Selling Sanity
by digby
Chuck Todd says:
Obama’s 24-hour media blitz to get control of the salesmanship of his economic plan has been an impressive P.R. campaign. But it does raise this question: Would Republicans (beyond the triumvirate of Collins, Snowe, and Specter) have been more receptive to the plan had Obama started this intense pitch a week ago? It seems as if he's making a pitch for something that's, well, already sold.
I guess somebody forgot to tell Todd about the conference and the fact that Specter and Collins say that they won't vote for the plan if it differs in any way from the Senate plan they knocked out. It ain't over yet.
I also think Todd doesn't realize that this has to be an ongoing effort because you have people like JimVandehei on television telling the country that the plan probably won't work and so it's politically risky for Obama blame Republicans for the mess he inherited:
Norah O'Donnell: Let's talk aboutthe politics of all this because President Obama was pretty tough on the Republicans. He got just 3 in this vote today and last night he essentially said, "Listen, it's hard for me to take a bunch of criticism from folks about this package when they're the ones that presided over doubling the naitonal debt. I'm not sure they have a lot of credibility when it comes to fiscal responsibility." Does that kind of pointing the finger back at the Republicans work for him?
Vandehei: I don't know if it works for him, but it's certainly true. As you well know, under Bush Republicans spent a hell of a lot of money, especially in the defense area and cut a lot of taxes, leaving a big deficit for Obama. So when you talk about that it is all accurate and he did inherit this economic mess.
However, now putting together this stimulus bill and the bailout that was unveiled today, this is all Obama. he is taking ownership of a 1.3 billion dollar solution. because he can't get any Republicans on board, he is going to have ownership of this for sometime. And I do think it's risky politically because most economists, despite what Obama said last night when he dismissed whether Biden said there's a thirty percent chance that this thing might not work, most economists will tell you that that is true, that here's a high percentage chance that it won't work.

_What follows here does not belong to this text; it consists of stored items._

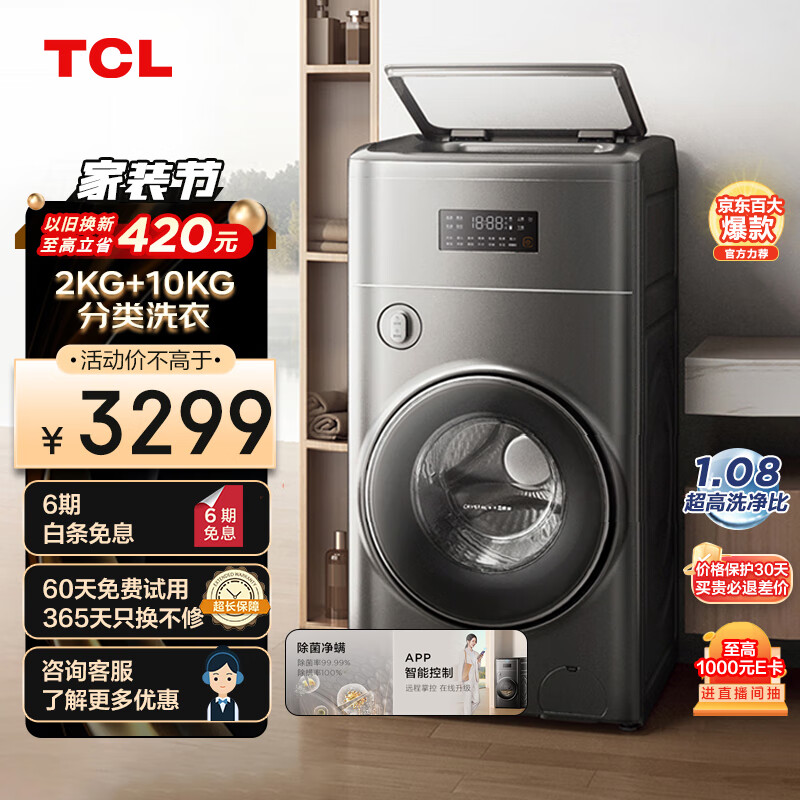 TCL 12KG双子舱·复式分区洗衣机T300 母婴分类洗 除菌除螨 APP智控 双筒全自动滚筒洗衣 G120T300-BYW价格:3299.00元!
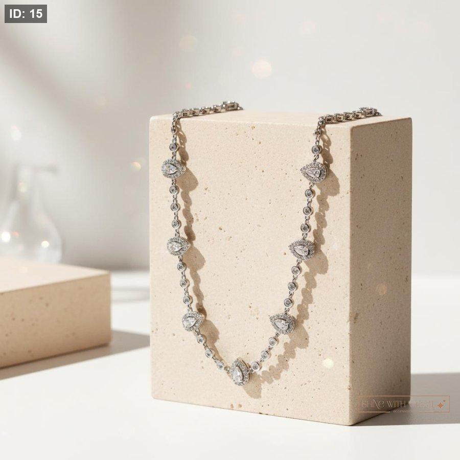 سنسال فاخر بتصميم أنيق مرصّع بحجار لامعة بشكل دمعة، مصنوع من خامة معدنية عالية الجودة ليمنحك إطلالة راقية ولمسة فخامة مميزة
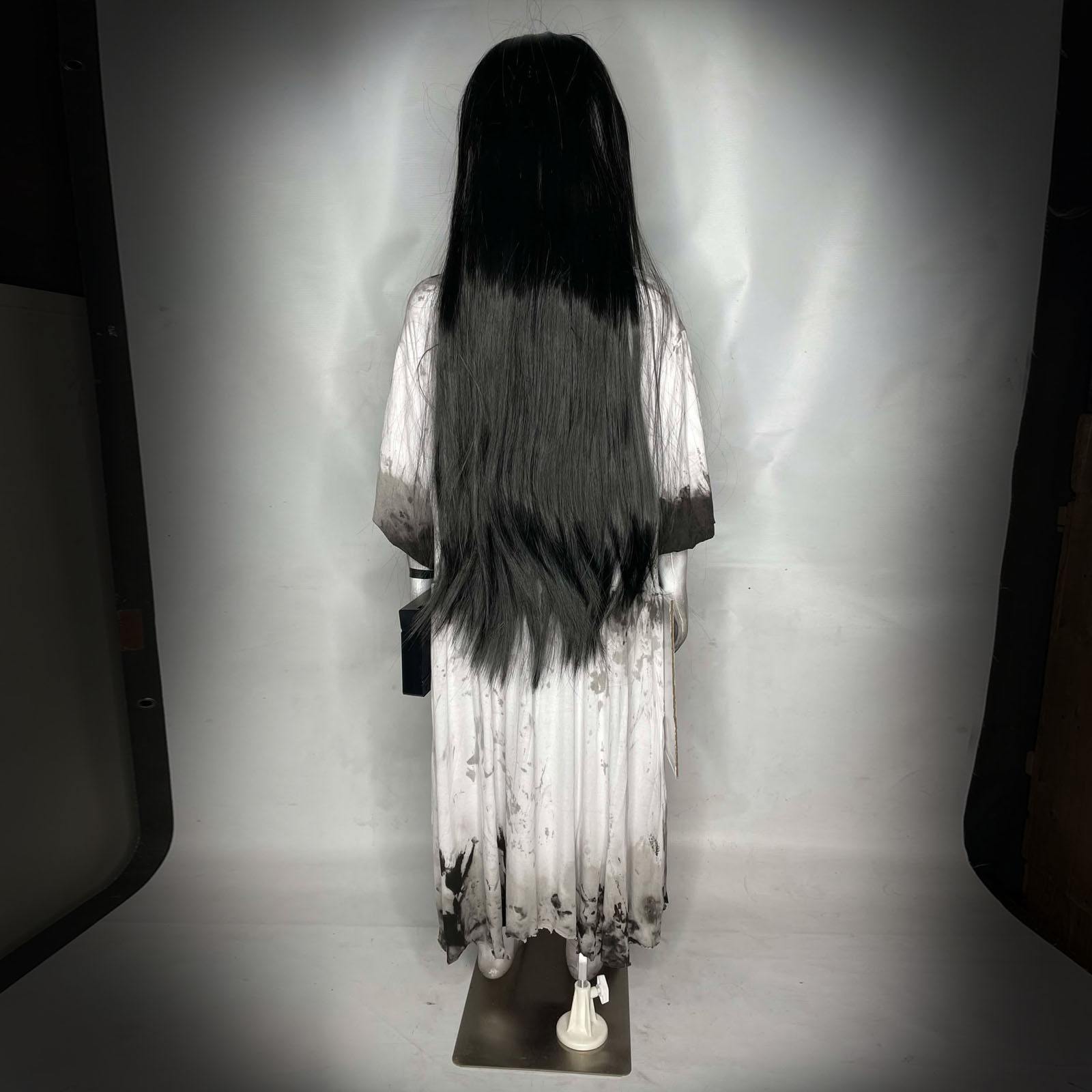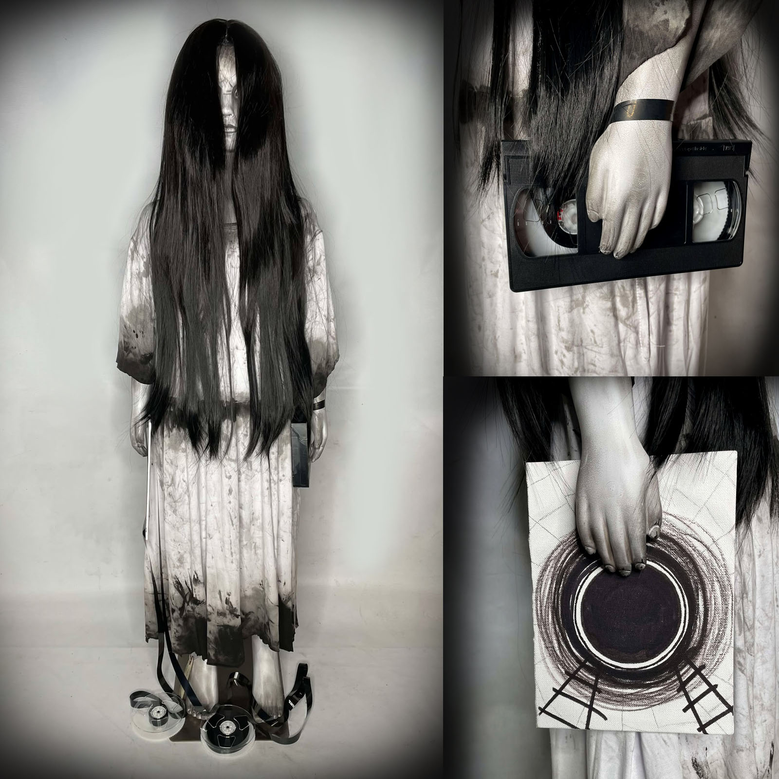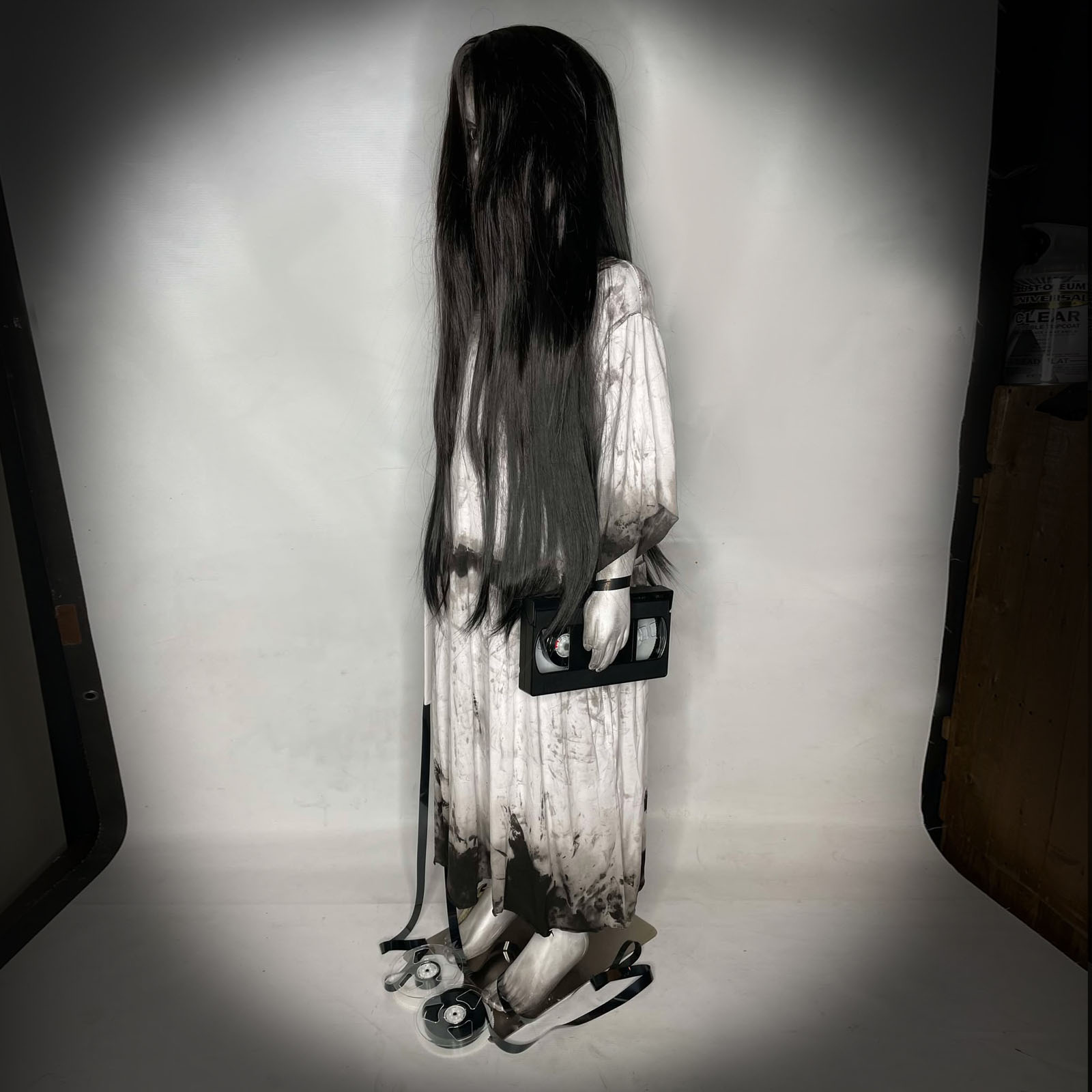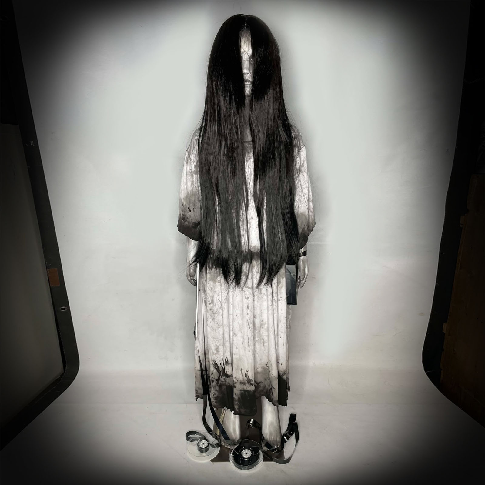 Back by popular demand is Samara Morgan "The Ring" child size horror doll #4 from Erika's Emporium! This one-of-a-kind collectible is 44 inches tall and is sure to send shivers down your spine. Perfect for horror enthusiasts and collectors alike, this doll is a must-have for any prop display or seasonal decoration.
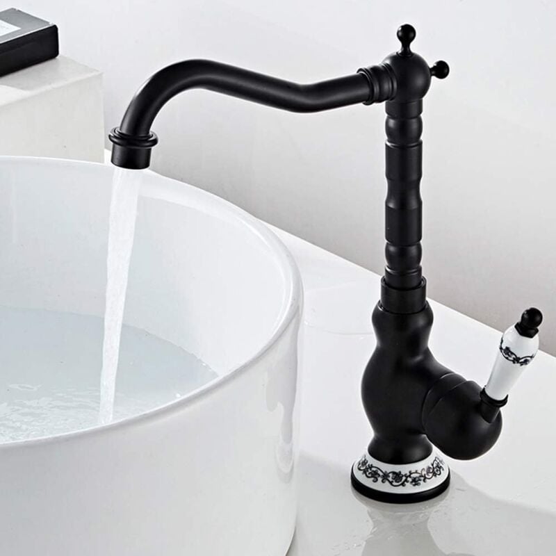 Robinet Noir Antique, mitigeur de Cuisine en Laiton, Eau Froide et Chaude Disponible, Robinet d'évier de Salle de Bain,A
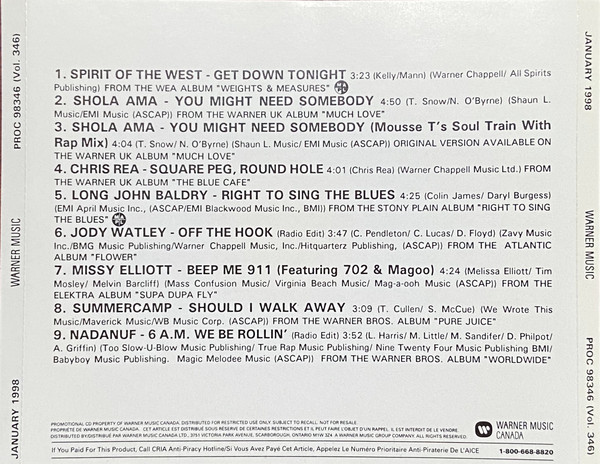 Various – Warner Music Canada Promotional CD - Volume 346 - January 1998
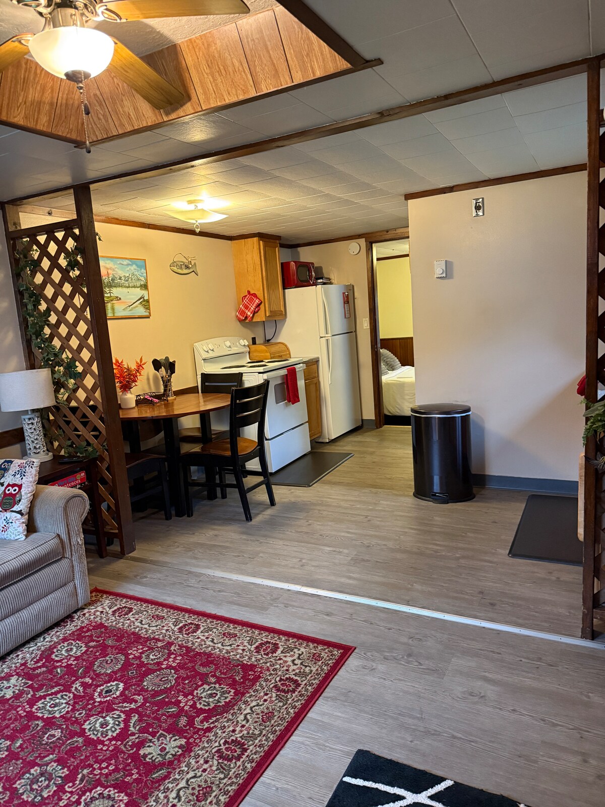 Newly constructed single bedroom apartment overlooking the Salmon River. Kitchen includes 4 burner electric stovetop, microwave, air fryer, toaster, Keurig, refrigerator/freezer and dishwasher, utensils. Swing mount TV in the living room area as well as a TV in the bedroom. Island dining table with 4 chairs. Bedroom offers a queen bed and queen size sleeper sofa in living room. Fully furnished with dishes and linens. Will provide linen exchanges/cleaning during extended stays.
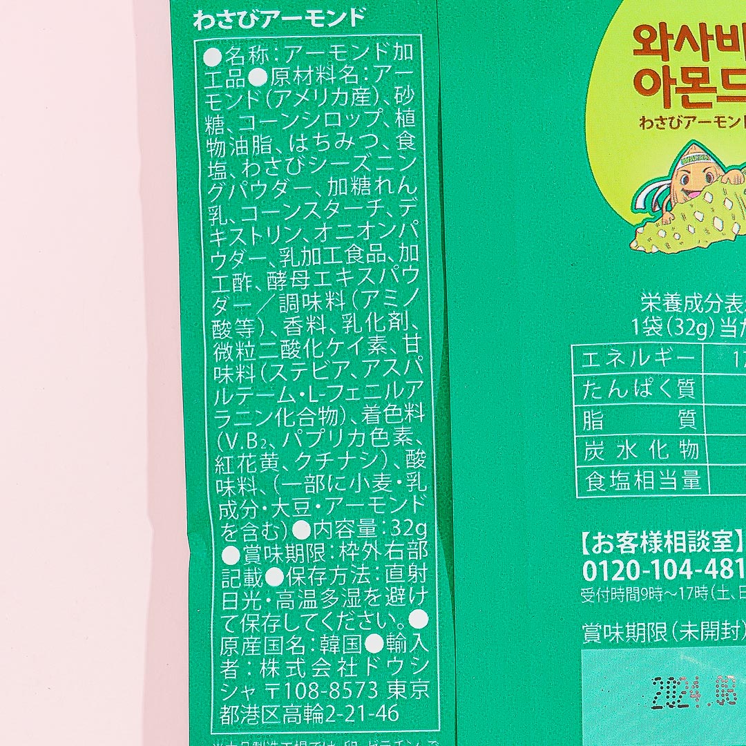 Add these almonds to your trail mix! Each almond is coated in wasabi powder. It's spicy with a slight hint of sweetness towards the end.
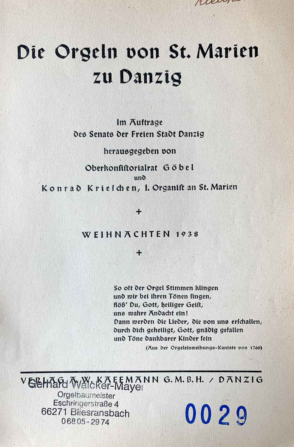 Die Orgeln von St. Marien zu Danzig, Göbel/Krieschen, 1938, 60 Seiten |
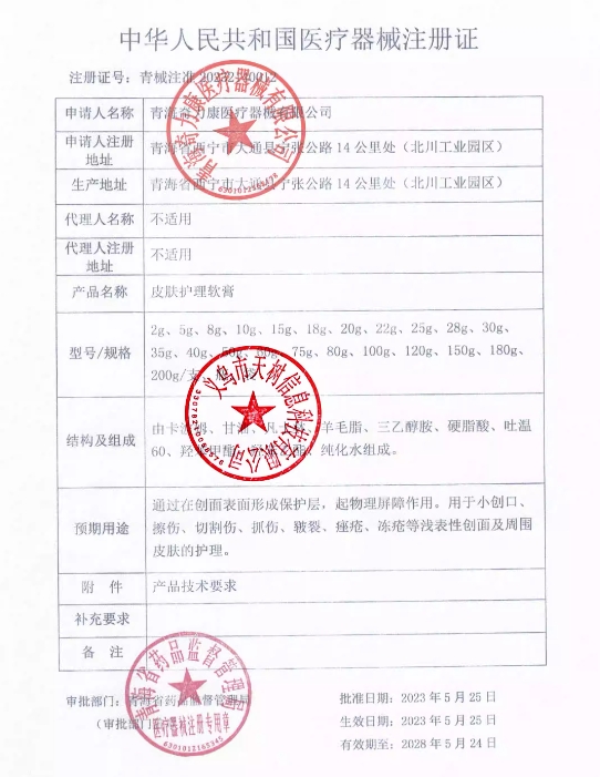 注冊證編號:黑械注準20242140026/大慶華泰生物制藥有限公司 有效期至:2029-03-25皮膚護理軟膏
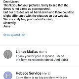 I placed an order in hebeos.com in February and to my surprise when the dress arrived a few days ago, the dress was far from what I expected. I have written a number of emails to the company to process the refund and the very thieves told me in the first place that they would not return anything and after many complaints that I have made, they reply that they can only return 10% of the that I spend on the dress. What kind of disrespect and thieves are they? Do not buy anything on this website. Nooooo buy them anything. In the picture you can see the kind of thieves they are.
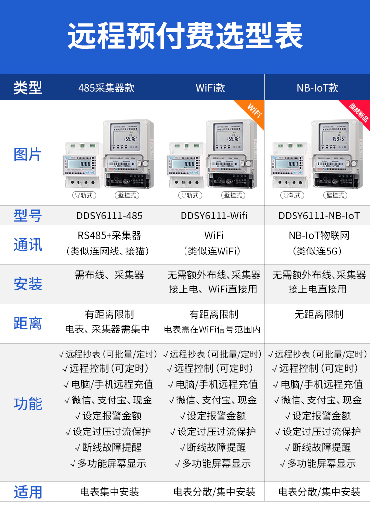 本公司DDSY6111/DDZY6111遠程智能電表與本公司遠程抄表系統和手機APP配套使用,遠程抄表管理系統具有實時抄表、定時抄表外,還提供了設備管理功能,如告警、余額短信通知、遠程充值、手機抄表、手機查詢、手機充值、預付費、后付費、自助充值機充值、遠程拉合閘、各種查詢報表、統計報表下載等功能。

Yeah. Obama's going to have to be on the road during his entire term with that kind of commentary going out on television.
First of all, I questioned this emphasis on Obama inheriting a deficit. People are sympathetic, I'm sure, but if that's the main problem then they expect him to fix it, not complain about it. By emphasizing the deficit and the national debt as being a huge problem, he is just setting the table for the fiscal scolds to seize the agenda --- and that is the last thing we need.
The problem isn't that Bush doubled the national debt, although nobody's happy about it. It's that he doubled the national debt by starting an unnecessaary war and refusing to tax his rich friends to pay for it. Government debt is morally neutral. It can happen out of necessity, as in an emergency or for long term investment, and it can happen out of profligacy and ineptitude as with the trillion dollar Iraq war. It's important that Obama make distinctions between those things or he risks making the debt the reason for the meltdown, which it isn't. In fact, raising the debt is the solution to the meltdown.
(If he wants to attack the Republicans for the meltdown, I'd go after their deregulation of the banking industry and their insistence on making this country a nation that depends upon finacial legerdemain for growth instead of actually making things people want to buy. But that's just me.)
But Vandehei is also being incredibly misleading when he says that most economists say the stimulus plan won't work and so Obama is taking a big political risk. It might be helpful to point out that the reason many economists are pessimistic is because the plan's not big enough, not because it's raising the debt --- and the reason that Obama "can't get any Republicans on board" is because a)they are political sociopaths and b) they are saying it is far too big and should be all tax cuts. The only economists who think that will work are unreconstructed wingnuts. That Vandehei thinks Republicans will benefit if the plan fails, even though their own plans are galactically wrongheaded, shows how the villagers help push the country right.
So that's why Obama has to go directly to the people. Walter Shapiro and Bill O'Reilly may find his answers dull and longwinded, but I would guess that the average citizen wants to hear their president explain what's going on in a thoughtful and rational manner. Perhaps if these beltway types weren't so boored with all this icky talk of numbers, they could better explain it when they go on television than Vandehei does above.
If they did their jobs, Obama wouldn't have to do it for them.
Update: Media Matters has a good rundown of the media helping the Republicans spin their victory.